Previously in our story...
The new inquisitor – formerly the doctor – upended the friar on the Clayton ranch so that Cork McGraw would burn the Clayton barn down. It had realized that the corner room in the barn was an aberration known as a receiver. It acted as an individual, in opposition to the inquisitors’ collective will, so it was imprisoned.
In the inquisitors’ vast cave, a smooth path ran forward in a darkness lit only by scattered points of light. The lights emanated from jumbles of boulder on the cave floor, which arched upward on both sides of the path, and the multitude of lights scattered through the cave appeared to rival the stars in a night sky.
A grouping of four inquisitors walked on the path, though above them in the darkness, prisoners and jailers were moved through the air by an unseen force, each prisoner with their jailers on the way to stand before an inquisitor that presided from a boulder amid the jumble at each point of light.
The grouping walked with a captive inquisitor leading the way while the other three trailed behind it in a triangle formation, to make sure there was no funny business. The captive inquisitor’s hands were bound in front of it with a band of energy that glowed green in the shape of an infinity symbol. The captive inquisitor had been a doctor in its former life, but its former self had dissipated – it no longer remembered its former identity.
Though it could no longer remember itself as the doctor, it did retain the knowledge it had possessed in life, and that knowledge was slowly being added to the inquisitors’ collective pool of knowledge, as it shared consciousness in each new grouping it telepathically synced with. The grouping of four it had participated with in the tower – when it had reacted from its former self to upend the friar – had gained its knowledge; the grouping that moved it from the tower to the prison had gained; and now the three that walked behind it possessed the knowledge.
The path split; a track led off to the right, curving upward with the cave floor, till it leveled off in a jumble of boulder.
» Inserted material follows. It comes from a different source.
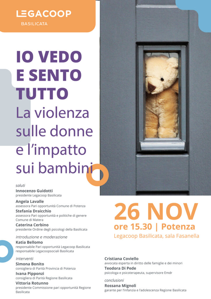 Guardare al drammatico tema della violenza sulle donne dall’angolazione delle bambine e dei bambini che assistono e subiscono così gravi conseguenze. È l’obiettivo dell’incontro “Io vedo e sento tutto”, organizzato da Legacoop Basilicata presso la sua sede regionale a Potenza, con la collaborazione della Commissione regionale Pari Opportunità, mercoledì 26 novembre alle ore 15.30, il giorno successivo alla giornata internazionale contro la violenza di genere.

The grouping followed the track and wound through the boulders until they reached two tall boulders that, leaning together, formed an archway. They passed through this into a chamber lit with ambient green, where they faced a dais in the shape of a semicircle. On the dais boulders were arranged to form chairs; each arrangement was unique, and there were twelve seats in all with an inquisitor on each one.
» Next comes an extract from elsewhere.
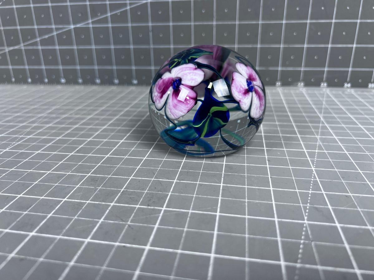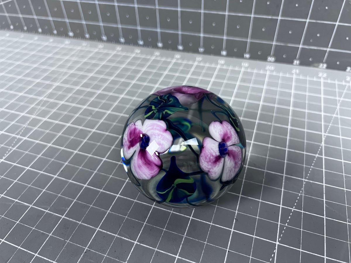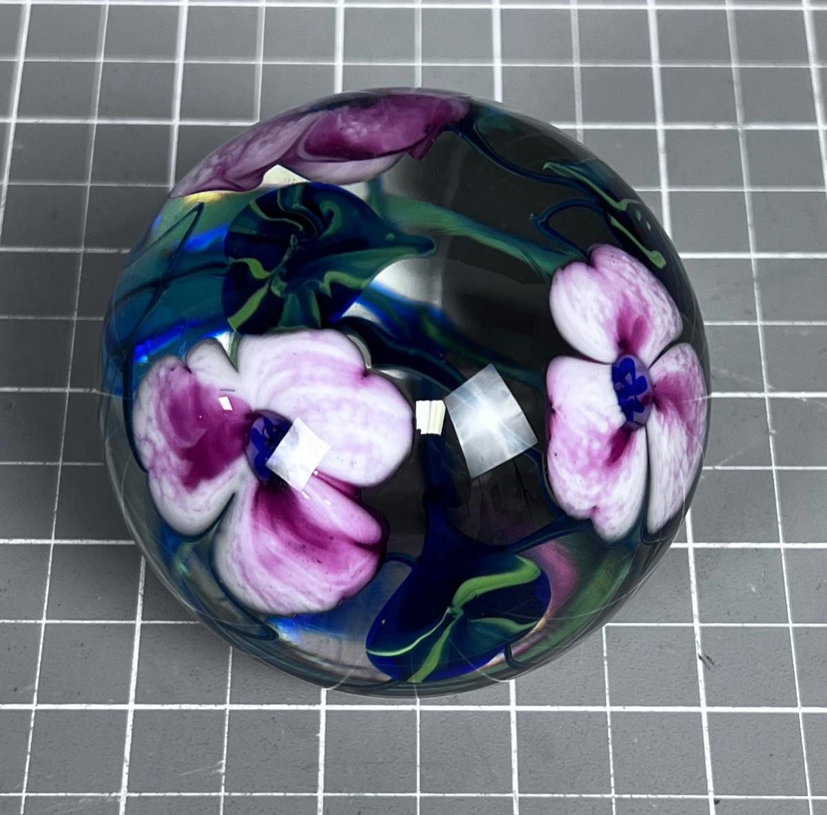 Richard OLNE Paper Weight Signed and Dated Pink Morning Glory

This was the Council of the Ancient, the repository of all knowledge possessed by the inquisitors. They had called the captive inquisitor before it, not as a punitive measure – and its imprisonment was also not punitive; they recognized the new inquisitor simply needed to be sequestered for a time to rid itself of its old identity – calling it before the council was a means of acquiring and investigating its knowing.
The Council of the Ancient was composed of inquisitors so old that their albinolike skin had faded to complete translucence; the ambient green light passed through them and became a slightly darker green, which marked their form outside of the mauve-colored robes. Their eyes remained pink, and appeared to float inside drawn hoods on the dais.
A shudder passed through the inquisitors as the grouping of four synced with the grouping of twelve. “We are,” the grouping of sixteen said in unison. “We see,” the grouping said as the new inquisitor’s knowledge was added. “We understand,” the grouping echoed, as it understood the fear of the receiver that eroded the boundaries between worlds, and the destabilizing threat to order in the worlds it received from.
The captive inquisitor also understood anew – the bounty of addition to the Realm, the entities that had arrived and the interactions that sprang from their arrival, the learning opportunities for denizens of the Realm, and the Clayton’s purposeful role in provisioning new technology.
But the grouping recognized, for the first time, that the receiver grew in strength, and much like Charles Renault, it inferred the threat that growing strength posed to the integrity of other worlds and its own Realm. “It must end,” the grouping knew aloud. “We choose not to annhilate others,” the grouping understood. “Cork is the agent,” the grouping echoed.
The captive inquisitor stood in perfect agreement with the grouping, and it realized that in its passage from the tower to the prison and to the chamber before the Council of the Ancient, Cork had still not burned the Clayton’s barn down. The grouping recognized the captive’s agreement – and its lack of personal identity – and the green band around its wrists faded away into the green ambience, and it was free.